# Exercise directions
In your answer, set down the records below exactly as they stand, omitting pictures.

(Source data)
________

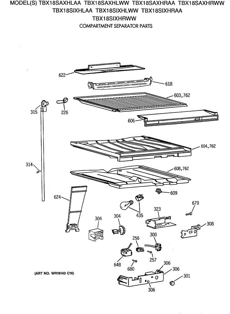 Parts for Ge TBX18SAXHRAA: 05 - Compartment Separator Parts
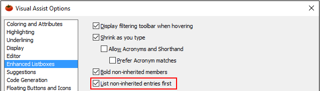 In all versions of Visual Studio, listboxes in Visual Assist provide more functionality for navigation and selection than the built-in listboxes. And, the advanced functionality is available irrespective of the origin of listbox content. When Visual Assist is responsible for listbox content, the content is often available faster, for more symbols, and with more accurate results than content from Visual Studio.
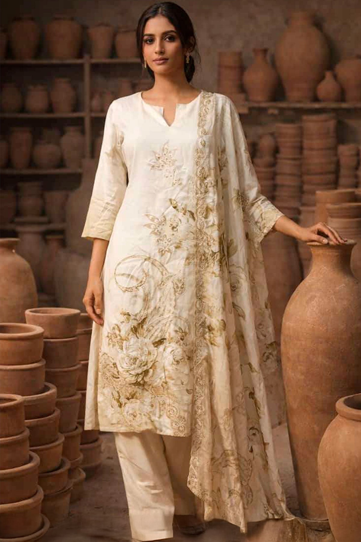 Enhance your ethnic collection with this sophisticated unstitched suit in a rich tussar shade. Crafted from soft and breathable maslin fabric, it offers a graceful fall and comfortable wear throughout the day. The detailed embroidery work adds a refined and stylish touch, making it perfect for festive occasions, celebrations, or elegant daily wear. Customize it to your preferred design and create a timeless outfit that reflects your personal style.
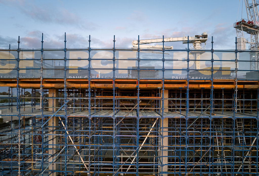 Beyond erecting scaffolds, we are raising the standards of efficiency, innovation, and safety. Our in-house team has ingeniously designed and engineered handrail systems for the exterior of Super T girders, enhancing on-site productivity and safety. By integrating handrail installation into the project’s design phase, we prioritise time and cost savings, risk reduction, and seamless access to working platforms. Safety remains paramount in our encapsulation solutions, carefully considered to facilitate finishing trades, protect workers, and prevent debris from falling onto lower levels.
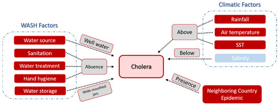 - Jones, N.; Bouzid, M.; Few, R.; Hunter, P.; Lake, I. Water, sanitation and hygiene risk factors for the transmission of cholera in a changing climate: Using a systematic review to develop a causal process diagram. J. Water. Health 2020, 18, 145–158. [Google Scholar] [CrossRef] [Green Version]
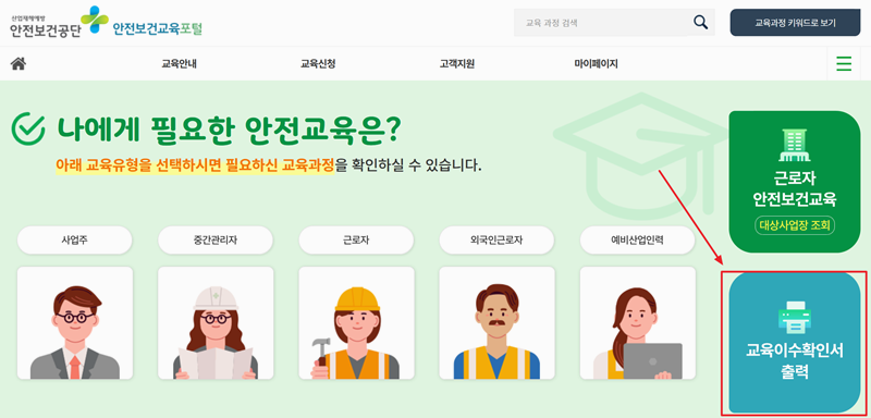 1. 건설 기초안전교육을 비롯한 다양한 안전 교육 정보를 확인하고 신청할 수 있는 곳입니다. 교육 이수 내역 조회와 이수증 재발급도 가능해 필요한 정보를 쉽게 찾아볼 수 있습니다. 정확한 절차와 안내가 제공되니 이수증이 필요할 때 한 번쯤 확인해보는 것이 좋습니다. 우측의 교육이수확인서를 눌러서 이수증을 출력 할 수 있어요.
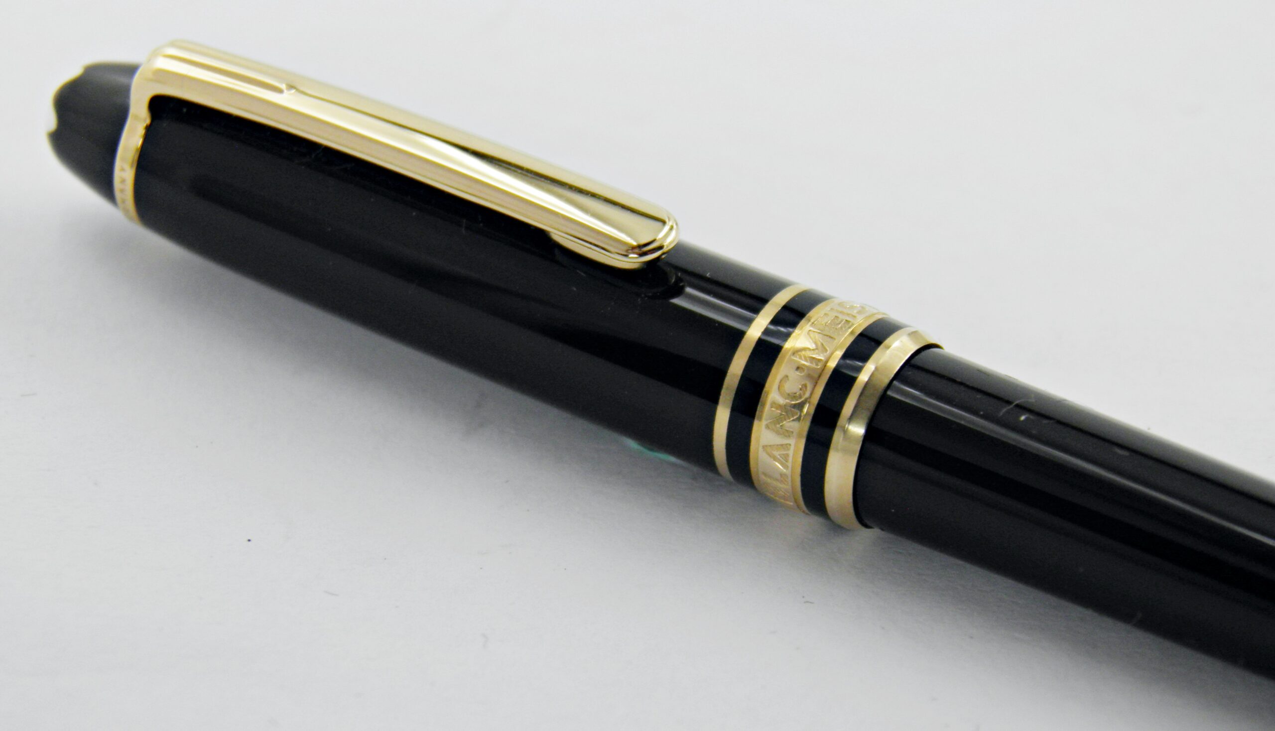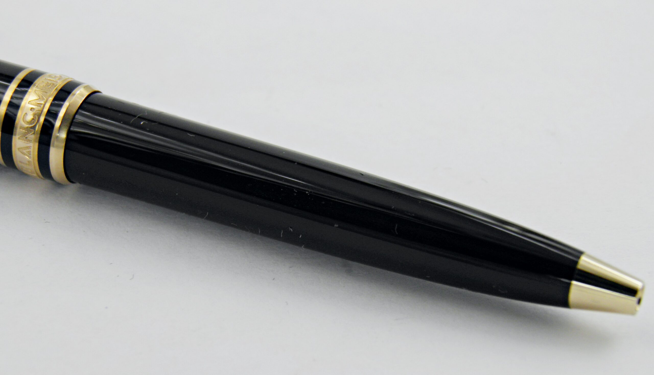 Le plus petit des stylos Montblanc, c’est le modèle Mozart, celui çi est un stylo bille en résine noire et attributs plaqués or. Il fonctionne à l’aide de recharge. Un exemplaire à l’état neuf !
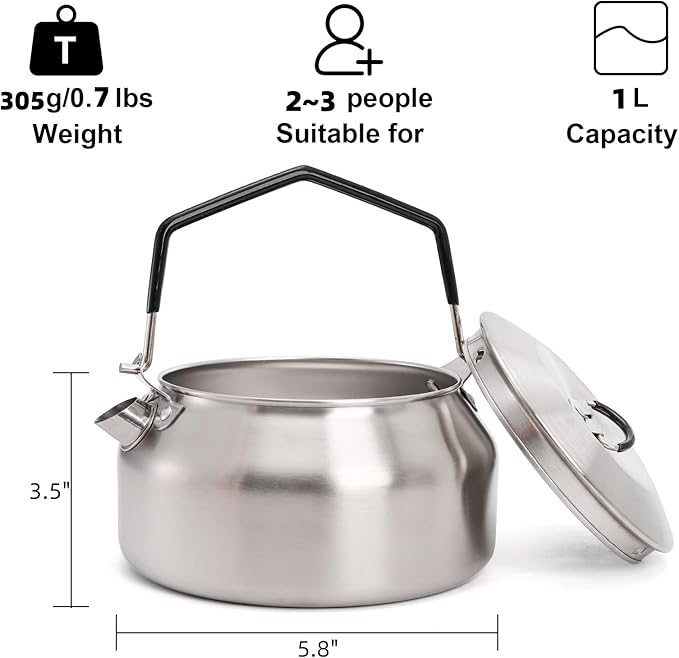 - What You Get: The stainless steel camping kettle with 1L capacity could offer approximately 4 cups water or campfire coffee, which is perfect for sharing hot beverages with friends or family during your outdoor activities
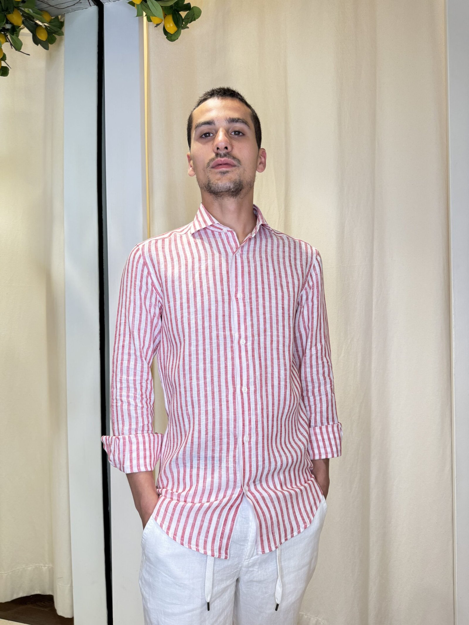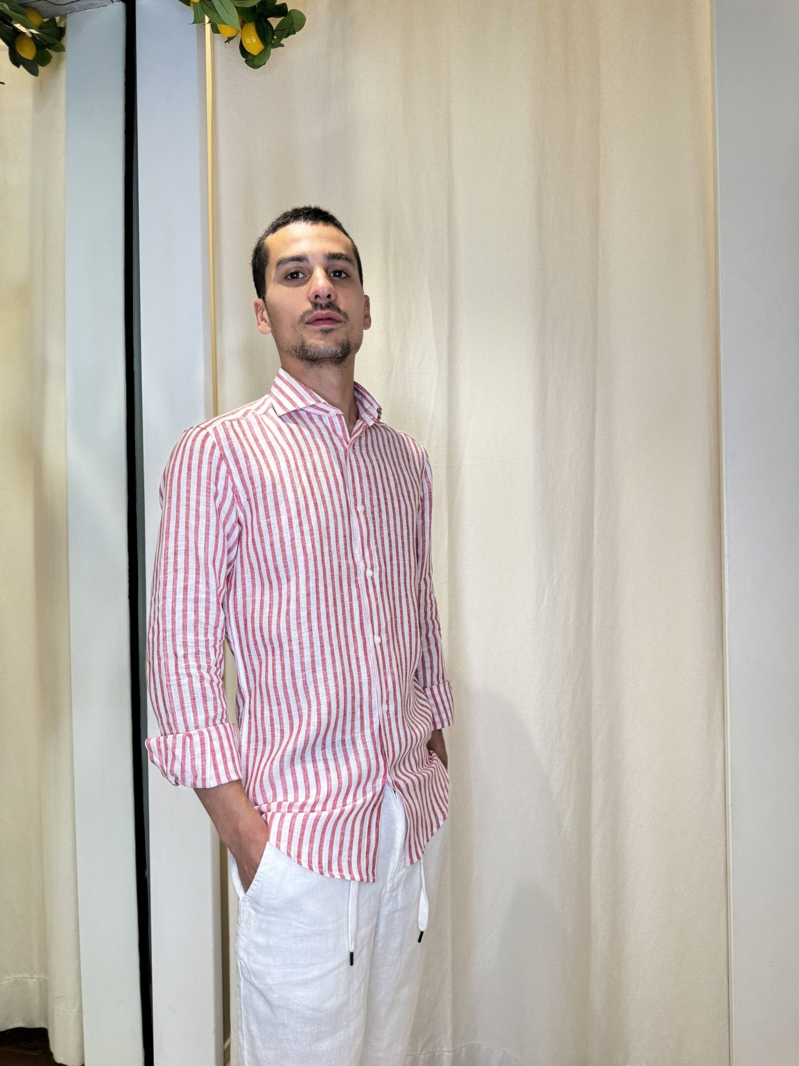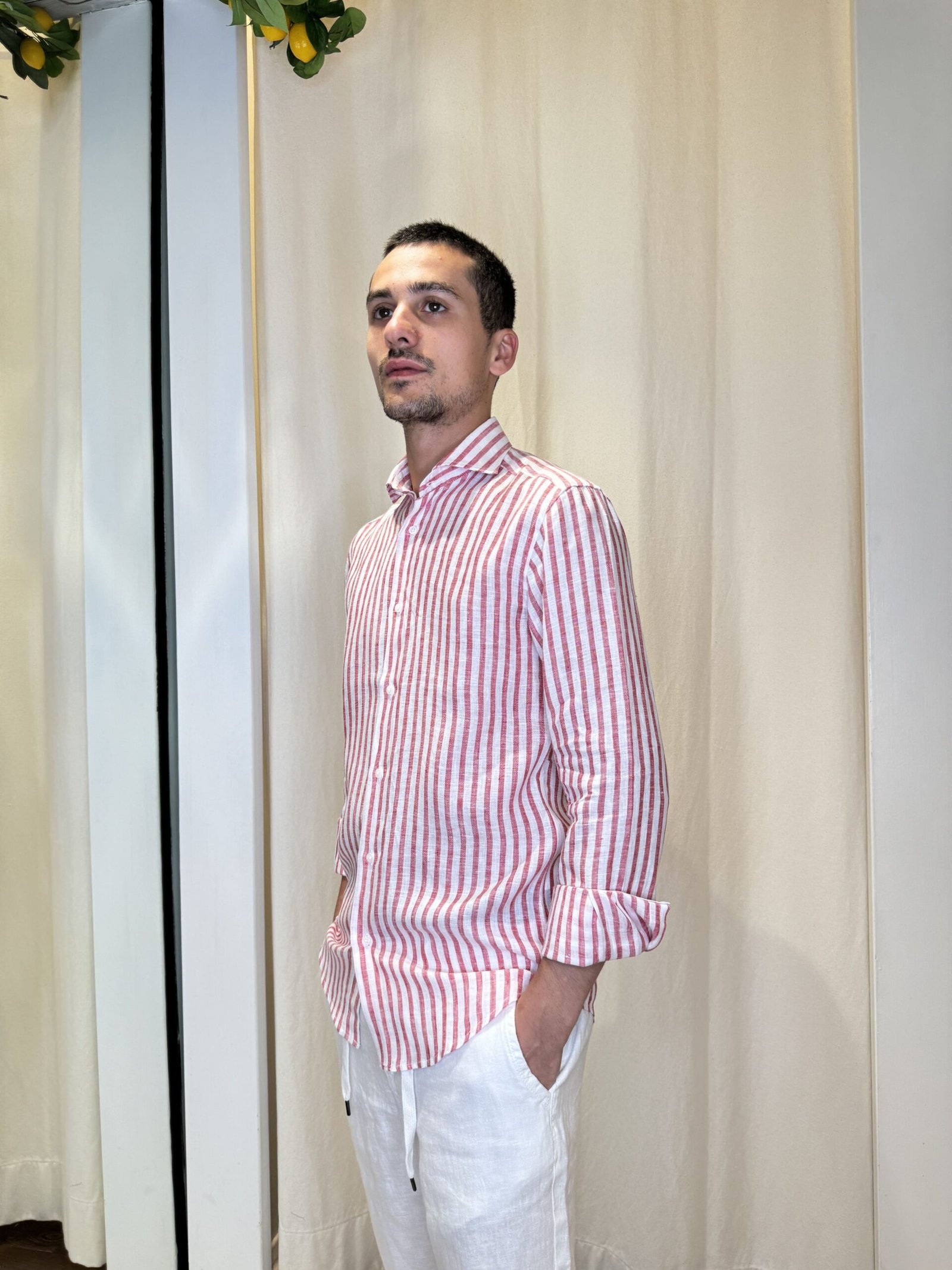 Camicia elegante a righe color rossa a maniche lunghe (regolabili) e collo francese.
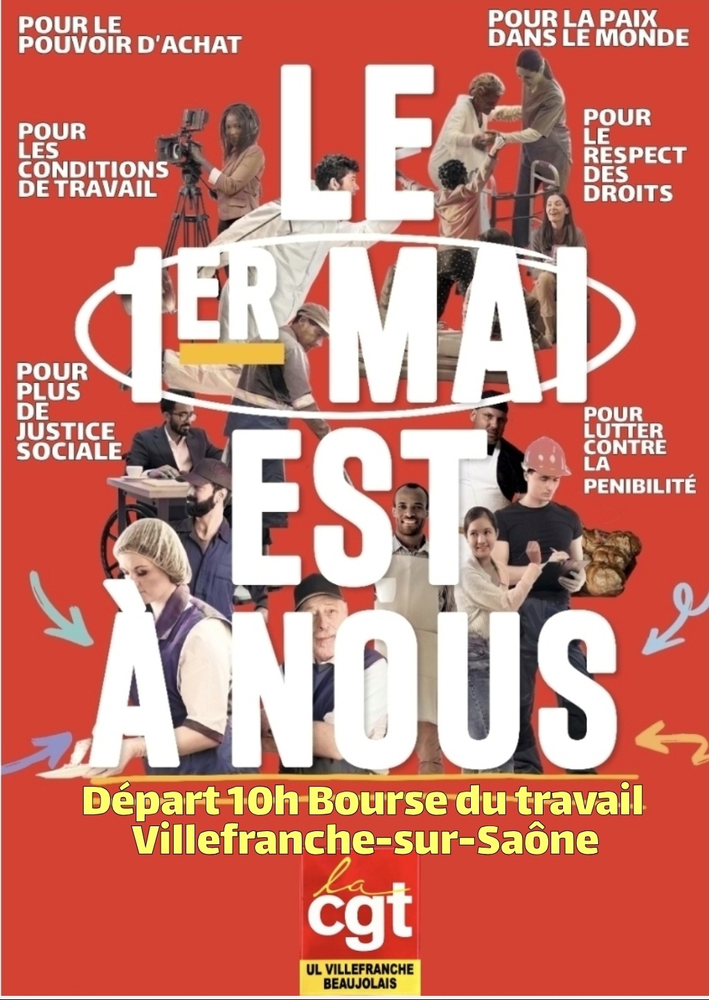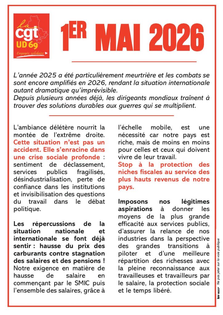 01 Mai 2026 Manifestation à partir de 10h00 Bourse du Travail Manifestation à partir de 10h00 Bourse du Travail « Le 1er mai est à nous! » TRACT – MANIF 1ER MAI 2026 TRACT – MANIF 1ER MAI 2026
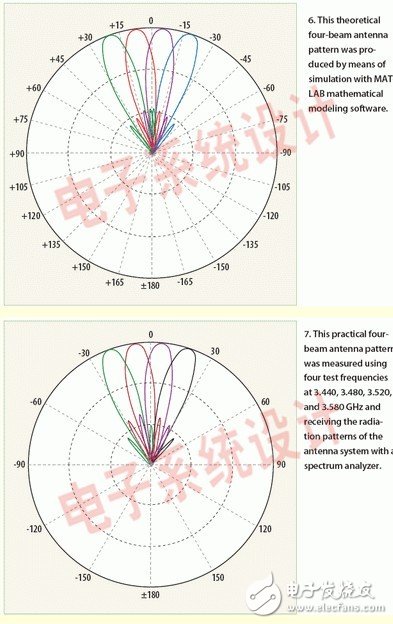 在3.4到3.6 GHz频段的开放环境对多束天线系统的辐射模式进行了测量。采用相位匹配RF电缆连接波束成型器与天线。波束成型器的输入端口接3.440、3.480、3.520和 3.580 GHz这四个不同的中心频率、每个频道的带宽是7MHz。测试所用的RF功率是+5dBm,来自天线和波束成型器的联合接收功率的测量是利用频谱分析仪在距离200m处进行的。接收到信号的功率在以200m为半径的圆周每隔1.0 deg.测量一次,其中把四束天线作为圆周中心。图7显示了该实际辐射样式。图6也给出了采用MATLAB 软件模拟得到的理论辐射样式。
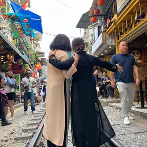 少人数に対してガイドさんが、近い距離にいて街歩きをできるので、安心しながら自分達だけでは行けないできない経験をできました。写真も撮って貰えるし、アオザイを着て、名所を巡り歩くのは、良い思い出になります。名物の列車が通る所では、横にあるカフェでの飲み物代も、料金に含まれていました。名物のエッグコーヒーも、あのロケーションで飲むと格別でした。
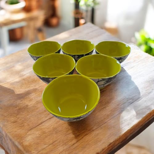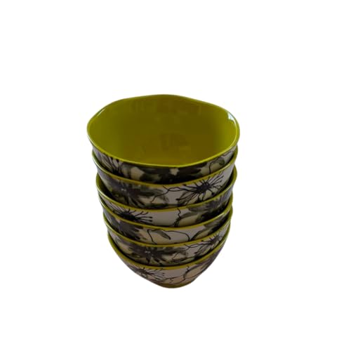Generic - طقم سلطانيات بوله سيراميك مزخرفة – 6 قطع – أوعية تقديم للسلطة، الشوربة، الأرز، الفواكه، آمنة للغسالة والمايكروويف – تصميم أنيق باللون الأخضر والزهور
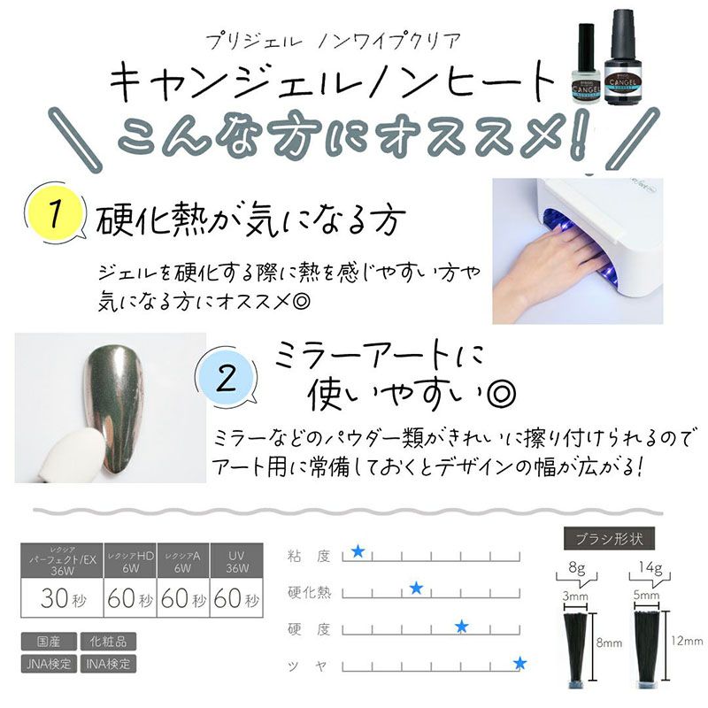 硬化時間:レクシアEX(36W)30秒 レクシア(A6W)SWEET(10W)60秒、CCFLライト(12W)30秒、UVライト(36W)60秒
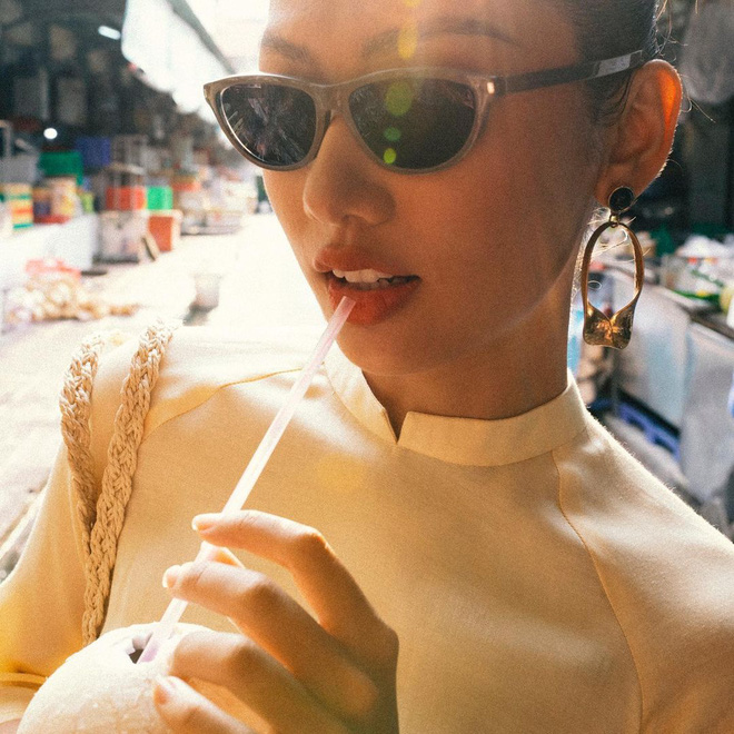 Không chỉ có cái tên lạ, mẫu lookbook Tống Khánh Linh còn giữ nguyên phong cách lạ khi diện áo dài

________

# Response to this task
 Parts for Ge TBX18SAXHRAA: 05 - Compartment Separator Parts
 In all versions of Visual Studio, listboxes in Visual Assist provide more functionality for navigation and selection than the built-in listboxes. And, the advanced functionality is available irrespective of the origin of listbox content. When Visual Assist is responsible for listbox content, the content is often available faster, for more symbols, and with more accurate results than content from Visual Studio.
 Enhance your ethnic collection with this sophisticated unstitched suit in a rich tussar shade. Crafted from soft and breathable maslin fabric, it offers a graceful fall and comfortable wear throughout the day. The detailed embroidery work adds a refined and stylish touch, making it perfect for festive occasions, celebrations, or elegant daily wear. Customize it to your preferred design and create a timeless outfit that reflects your personal style.
 Beyond erecting scaffolds, we are raising the standards of efficiency, innovation, and safety. Our in-house team has ingeniously designed and engineered handrail systems for the exterior of Super T girders, enhancing on-site productivity and safety. By integrating handrail installation into the project’s design phase, we prioritise time and cost savings, risk reduction, and seamless access to working platforms. Safety remains paramount in our encapsulation solutions, carefully considered to facilitate finishing trades, protect workers, and prevent debris from falling onto lower levels.
 - Jones, N.; Bouzid, M.; Few, R.; Hunter, P.; Lake, I. Water, sanitation and hygiene risk factors for the transmission of cholera in a changing climate: Using a systematic review to develop a causal process diagram. J. Water. Health 2020, 18, 145–158. [Google Scholar] [CrossRef] [Green Version]
 1. 건설 기초안전교육을 비롯한 다양한 안전 교육 정보를 확인하고 신청할 수 있는 곳입니다. 교육 이수 내역 조회와 이수증 재발급도 가능해 필요한 정보를 쉽게 찾아볼 수 있습니다. 정확한 절차와 안내가 제공되니 이수증이 필요할 때 한 번쯤 확인해보는 것이 좋습니다. 우측의 교육이수확인서를 눌러서 이수증을 출력 할 수 있어요.
 Le plus petit des stylos Montblanc, c’est le modèle Mozart, celui çi est un stylo bille en résine noire et attributs plaqués or. Il fonctionne à l’aide de recharge. Un exemplaire à l’état neuf !
 - What You Get: The stainless steel camping kettle with 1L capacity could offer approximately 4 cups water or campfire coffee, which is perfect for sharing hot beverages with friends or family during your outdoor activities
 Camicia elegante a righe color rossa a maniche lunghe (regolabili) e collo francese.
 01 Mai 2026 Manifestation à partir de 10h00 Bourse du Travail Manifestation à partir de 10h00 Bourse du Travail « Le 1er mai est à nous! » TRACT – MANIF 1ER MAI 2026 TRACT – MANIF 1ER MAI 2026
 在3.4到3.6 GHz频段的开放环境对多束天线系统的辐射模式进行了测量。采用相位匹配RF电缆连接波束成型器与天线。波束成型器的输入端口接3.440、3.480、3.520和 3.580 GHz这四个不同的中心频率、每个频道的带宽是7MHz。测试所用的RF功率是+5dBm,来自天线和波束成型器的联合接收功率的测量是利用频谱分析仪在距离200m处进行的。接收到信号的功率在以200m为半径的圆周每隔1.0 deg.测量一次,其中把四束天线作为圆周中心。图7显示了该实际辐射样式。图6也给出了采用MATLAB 软件模拟得到的理论辐射样式。
 少人数に対してガイドさんが、近い距離にいて街歩きをできるので、安心しながら自分達だけでは行けないできない経験をできました。写真も撮って貰えるし、アオザイを着て、名所を巡り歩くのは、良い思い出になります。名物の列車が通る所では、横にあるカフェでの飲み物代も、料金に含まれていました。名物のエッグコーヒーも、あのロケーションで飲むと格別でした。
Generic - طقم سلطانيات بوله سيراميك مزخرفة – 6 قطع – أوعية تقديم للسلطة، الشوربة، الأرز، الفواكه، آمنة للغسالة والمايكروويف – تصميم أنيق باللون الأخضر والزهور
 硬化時間:レクシアEX(36W)30秒 レクシア(A6W)SWEET(10W)60秒、CCFLライト(12W)30秒、UVライト(36W)60秒
 Không chỉ có cái tên lạ, mẫu lookbook Tống Khánh Linh còn giữ nguyên phong cách lạ khi diện áo dài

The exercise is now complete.